Work request:
Word for word, retype the lines from the one containing "轮藻纲系统发育分析显示与陆地" to the one containing "L' Atlas (VAN" below, keeping both end lines and dropping the pictures.

Provided material:

════════

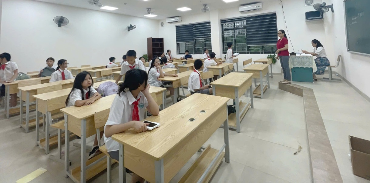 Ban Giám hiệu sắp xếp học sinh mà bố mẹ tắc đường chưa kịp tới đón tập trung tại phòng Hội đồng sư phạm của nhà trường
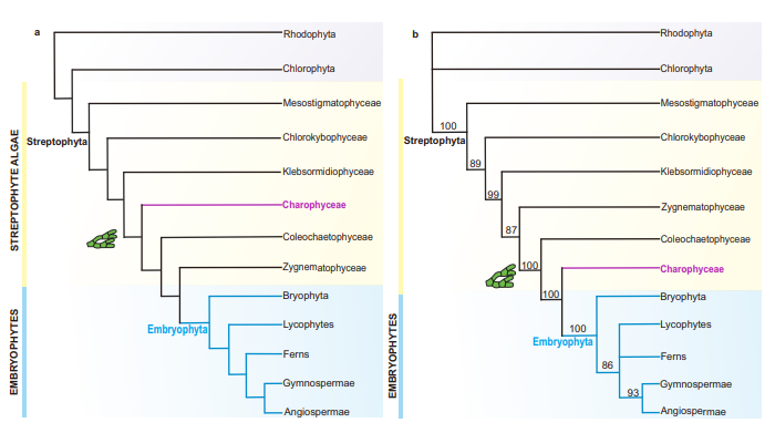 轮藻纲系统发育分析显示与陆地植物具有密切的演化关系:前人基于基因序列(a),本研究基于形态、解剖、生理、关键基因有无等贝叶斯系统发育分析结果(b)
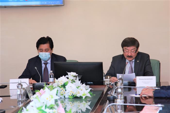 Халықаралық ұйымның Бас хатшысы Дүйсен Қасеиінов ТҮРКСОЙ кафедрасының «Түркітану», «Шетел филологиясы: түрік тілі», «Аударма ісі» мамандықтары бойынша білім алатын студенттерді ынталандыру және әлеуметтік тұрғыдан қолдау мақсатында берілген шәкіртақыны онлайн жиынға арнайы келіп табыстады.
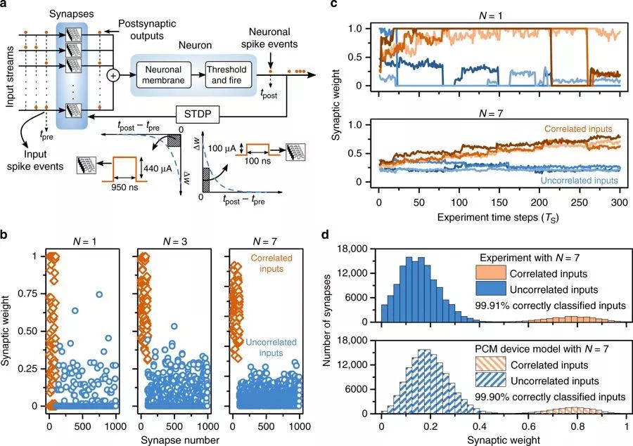 b.在实验结束时,显示了由N = 1、3和7个PCM设备组成的突触权重。可以看出,接受相关输入的突触的权重往往大于接受不相关输入的突触的权重。随着N的增加,权重分布更加清晰。
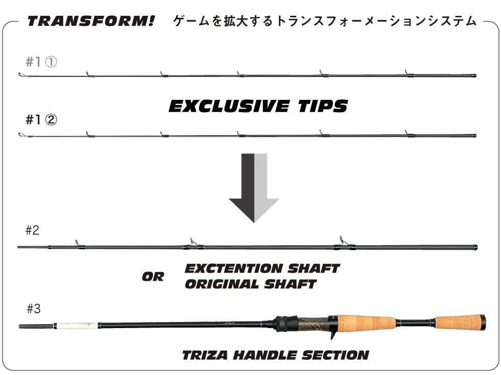 Introducing a whole new concept in multi piece bass fishing rods – Triza. Megabass set out to develop the ultimate multi piece rod that not only blew other multi piece rods away, but that also made one piece rods jealous. At first glance you will notice the traditional, hard crafted aesthetics of Triza, such as hand carved wood reel seats, polished guide and hand painted cosmetics. But beyond it’s striking good looks, Triza is a totally new concept in rod building. Megabass is calling it the Triangle Concept. Each pice of the 3 piece Triza rods makes up one side of the Triangle. One piece is built specifically for Torsional Rigidity, one piece for Torque, and one piece for tension/action. Together, the 3 pieces create one rod that is specifically designed for certain applications that offers a higher performance level than a one piece rod can. Available in 4 models. Rod comes with rod sock.
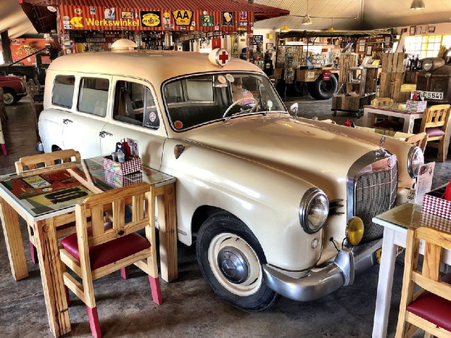 Ein absolutes Mekka für Petroliana-Fans nach dem Motto ‚In rust we trust‘. Eine coole Sammlung von alten Emaille-Schildern, Zapfsäulen, Öldosen, Gerätschaften und Oldtimern, drinnen und drauβen, mit mehr oder weniger Patina. Der ehemalige Wasserspeicher der Farm ist jetzt willkommener Pool.
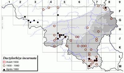 L' Atlas (VAN ROMPAEY et DELVOSALLE, 1979) renseigne une quarantaine de stations. Par rapport à cette époque, l'espèce apparaît en très forte régression, menacée par les altérations de ses biotopes. En outre, lorsqu'elle se développe en compagnie d'autres espèces, notamment Dactylorhiza majalis, elle s'hybride et finit par être "absorbée" par introgression (DELFORGE, 1998).
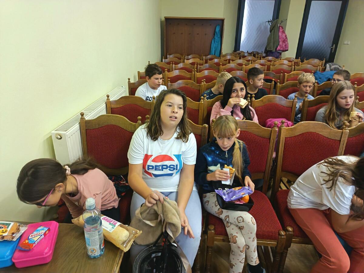 I přes nepříznivé počasí se dopravní výchova ve Zruči nad Sázavou uskutečnila. Po teoretické části, která probíhala na městském úřadě, jsme se přesunuli na dopravní a dětské hřiště. Tam na nás čekala jizdní kola a dopravní značky. Celou dopravní výchovou nás provázeli dva strážníci městské policie. V závěru dne nám odměnou byla šlapací autíčka a návštěva cukrárny.
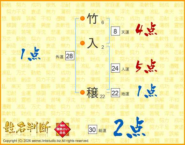 生活面を象徴する運勢です。外部から受ける影響力を表し、結婚運、家庭運や職場、環境への順応性を表します。総運から人運を引いた画数。姓や名が1文字の場合を除く。
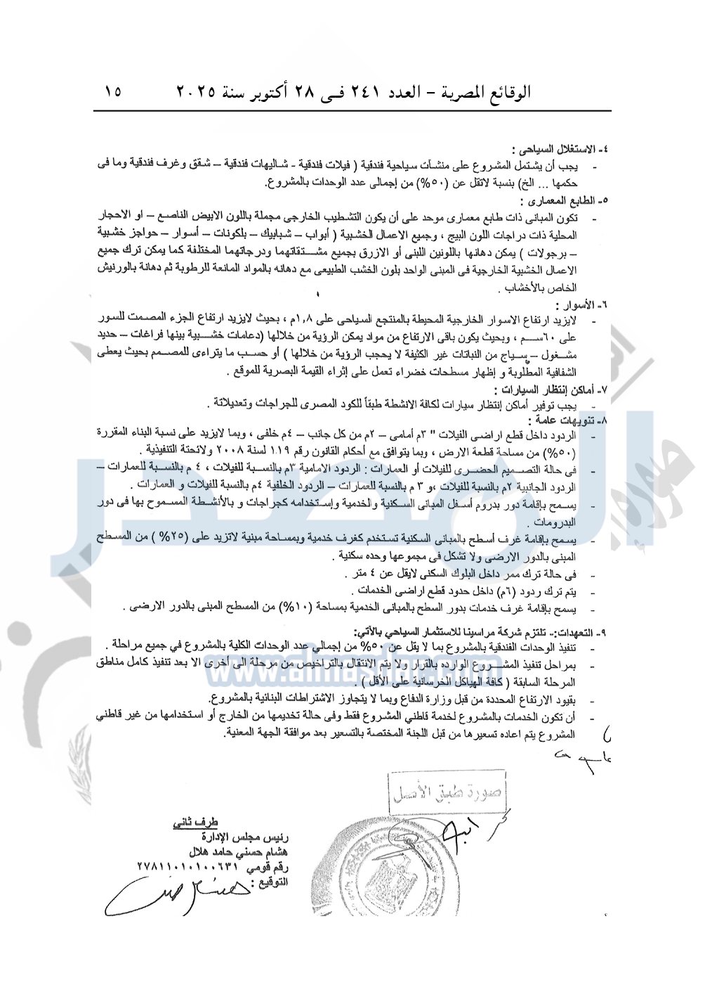 تلتزم الشركة المخصص لها قطعة الأرض بالاشتراطات البنائية المعمول بها كحد اقصى وبشرط عدم تجاوز قيود الارتفاع المسموح بها من قبل وزارة الدفاع.
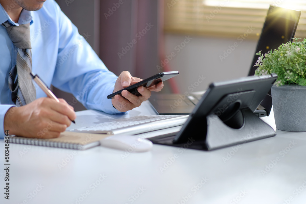 Businessman using smart phone and laptop at office. Businessman or student working on computer and texting smartphone. Freelance, education and technology concept
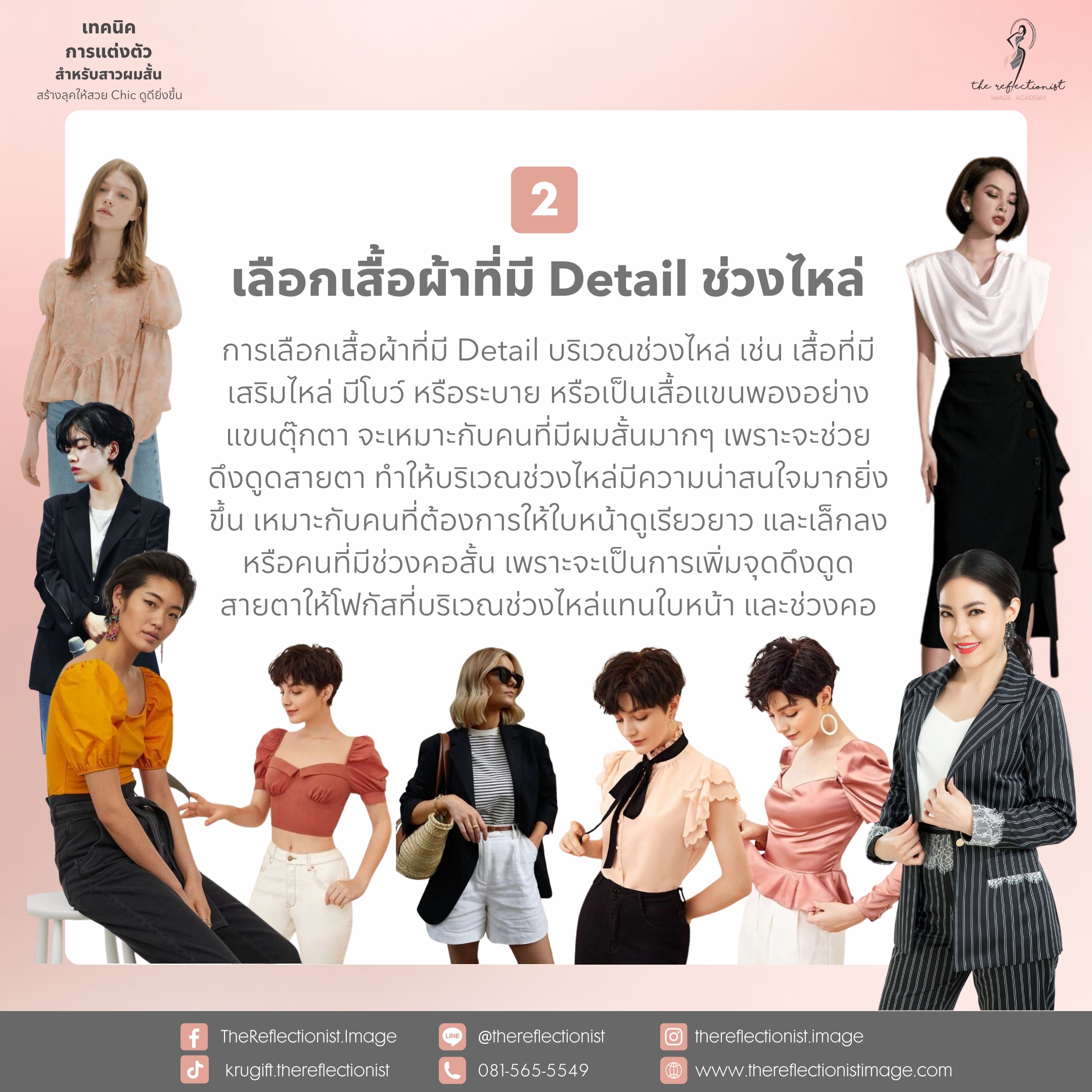 การเลือกเสื้อผ้าที่มี Detail บริเวณช่วงไหล่ เช่น เสื้อที่มีเสริมไหล่ มีโบว์ หรือระบาย หรือเป็นเสื้อแขนพองอย่างแขนตุ๊กตา จะเหมาะกับคนที่มีผมสั้นมากๆ เพราะจะช่วยดึงดูดสายตา ทำให้บริเวณช่วงไหล่มีความน่าสนใจมากยิ่งขึ้น เหมาะกับคนที่ต้องการให้ใบหน้าดูเรียวยาว และเล็กลง หรือคนที่มีช่วงคอสั้น เพราะจะเป็นการเพิ่มจุดดึงดูดสายตาให้โฟกัสที่บริเวณช่วงไหล่แทนใบหน้า และช่วงคอ
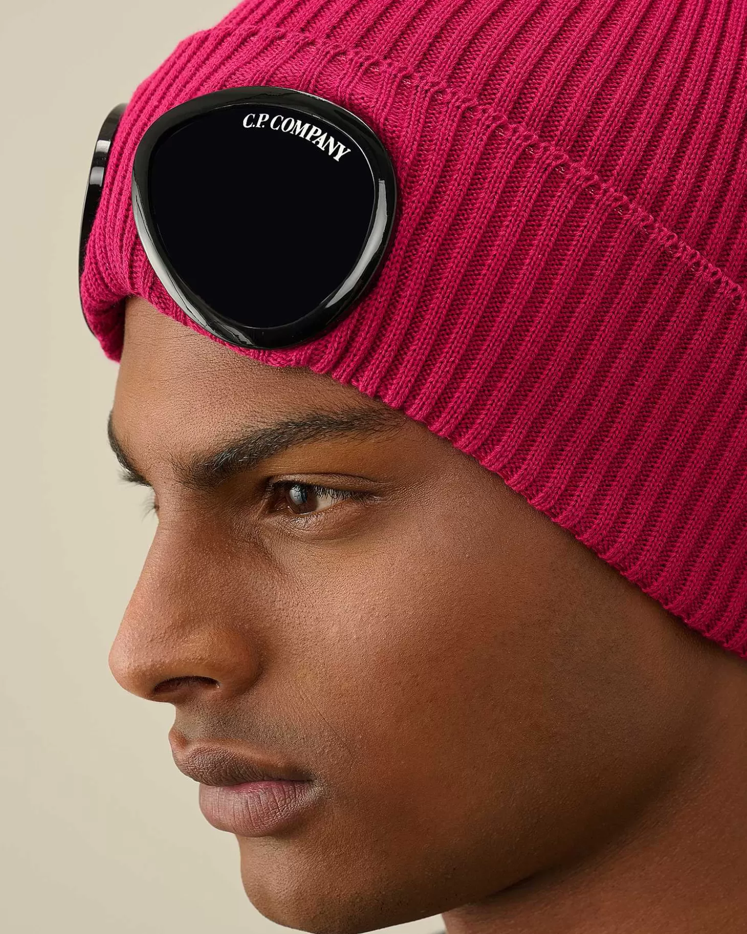 Bonnet Léger Tricoté Dans Une Maille Côtelée Arborant Le Détail Emblématique En Forme De Verre De Lunette C.P. Company Sur Le Revers. Modèle Tricoté Dans Un Coton Haut De Gamme Pour Une Isolation Et Une Durabilité Accrues.
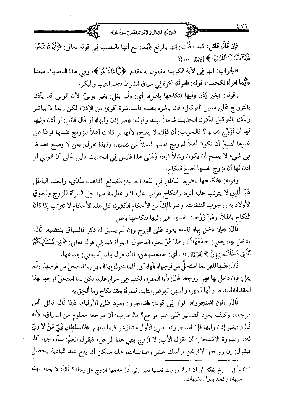 وقوله: «بغير إذن وليها فنكاحها باطل»، أي: ولم يقل: بغير بوليّ؛ لأن الولي قد يأذن بالتزويج على سبيل التوكيل، فإن باشره بنفسه فالمباشرة أقوى من الإذن، لكن ربما لا يباشر ويأذن بالتوكيل فيكون الحديث شاملاً لهذا، وقوله: «بغير إذن وليها»، لو قال قائل: لو أذن وليها لها أن تُزّوج نفسها؟ فالجواب: أن ذلك لا يصح، لأنها لو كانت أهلاً لتزويج نفسها فرعًا عن غيرها لصح أن تكون أهلاً لتزويج نفسها أصلاً من نفسها، ولهذا نقول: «من لا يصح تصرفه في شيء لا يصح أن يكون وكيلاً فيه»، وعلى هذا فليس في الحديث دليل على أن الولي لو أذن لها أن تزوج نفسها لصح النكاح.
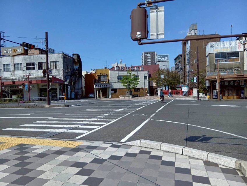 人の流れが絶えない交差点、その角地に佇む1階路面。
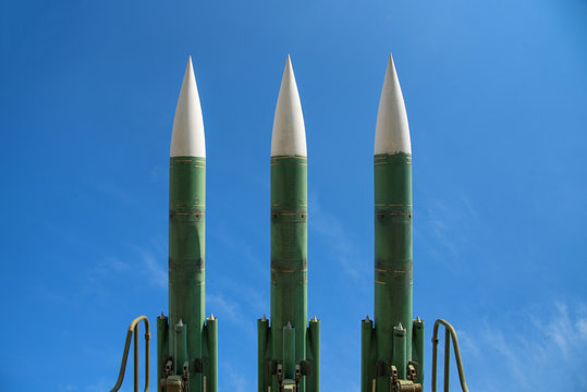 Ballistic missiles are ready to launch. Weapons of mass destruction. Arms race.
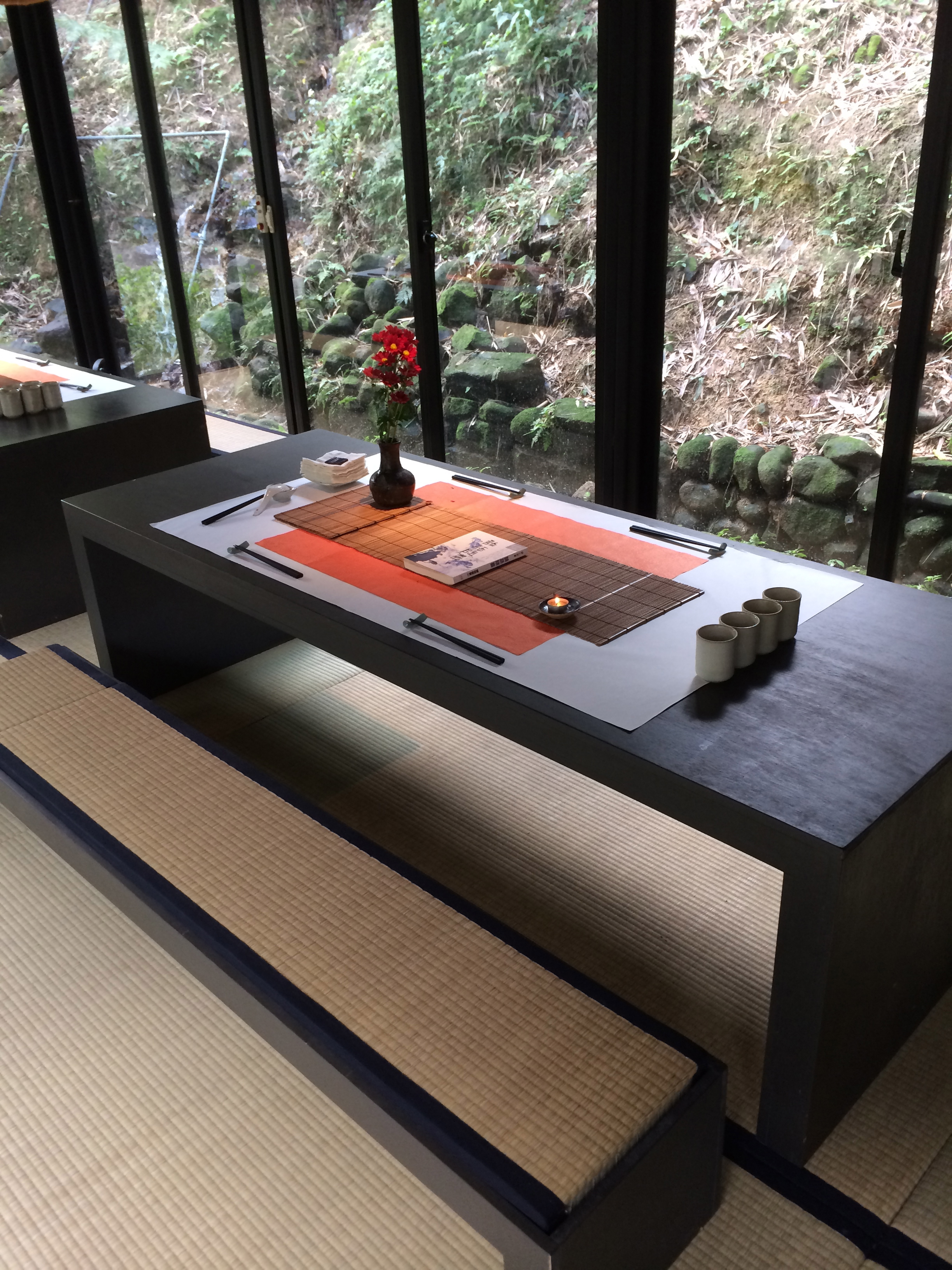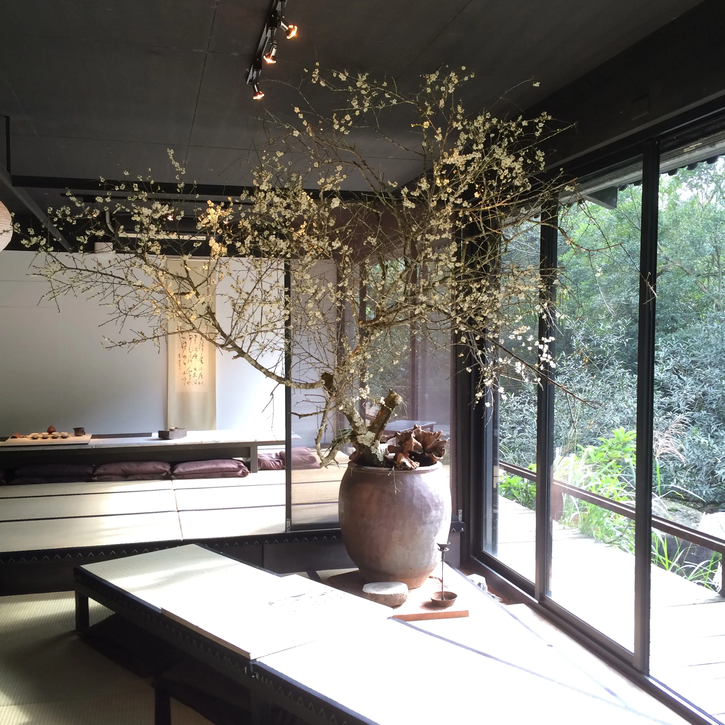 the food was delicious and creative, and the space was gorgeously simple. it made me think that maybe mountain life wouldn't be so bad. there are several wooden structures on both sides of a bubbling mountain brook (so idyllic!), and a bridge that spanned the water. all the rooms are lined with tatami mats and set with low tables. there is one large building that looked as if it could host parties, which also housed a plum blossom arrangement that i desperately wished was in my apartment.

════════

Solution for this task:
 轮藻纲系统发育分析显示与陆地植物具有密切的演化关系:前人基于基因序列(a),本研究基于形态、解剖、生理、关键基因有无等贝叶斯系统发育分析结果(b)
 Халықаралық ұйымның Бас хатшысы Дүйсен Қасеиінов ТҮРКСОЙ кафедрасының «Түркітану», «Шетел филологиясы: түрік тілі», «Аударма ісі» мамандықтары бойынша білім алатын студенттерді ынталандыру және әлеуметтік тұрғыдан қолдау мақсатында берілген шәкіртақыны онлайн жиынға арнайы келіп табыстады.
 b.在实验结束时,显示了由N = 1、3和7个PCM设备组成的突触权重。可以看出,接受相关输入的突触的权重往往大于接受不相关输入的突触的权重。随着N的增加,权重分布更加清晰。
 Introducing a whole new concept in multi piece bass fishing rods – Triza. Megabass set out to develop the ultimate multi piece rod that not only blew other multi piece rods away, but that also made one piece rods jealous. At first glance you will notice the traditional, hard crafted aesthetics of Triza, such as hand carved wood reel seats, polished guide and hand painted cosmetics. But beyond it’s striking good looks, Triza is a totally new concept in rod building. Megabass is calling it the Triangle Concept. Each pice of the 3 piece Triza rods makes up one side of the Triangle. One piece is built specifically for Torsional Rigidity, one piece for Torque, and one piece for tension/action. Together, the 3 pieces create one rod that is specifically designed for certain applications that offers a higher performance level than a one piece rod can. Available in 4 models. Rod comes with rod sock.
 Ein absolutes Mekka für Petroliana-Fans nach dem Motto ‚In rust we trust‘. Eine coole Sammlung von alten Emaille-Schildern, Zapfsäulen, Öldosen, Gerätschaften und Oldtimern, drinnen und drauβen, mit mehr oder weniger Patina. Der ehemalige Wasserspeicher der Farm ist jetzt willkommener Pool.
 L' Atlas (VAN ROMPAEY et DELVOSALLE, 1979) renseigne une quarantaine de stations. Par rapport à cette époque, l'espèce apparaît en très forte régression, menacée par les altérations de ses biotopes. En outre, lorsqu'elle se développe en compagnie d'autres espèces, notamment Dactylorhiza majalis, elle s'hybride et finit par être "absorbée" par introgression (DELFORGE, 1998).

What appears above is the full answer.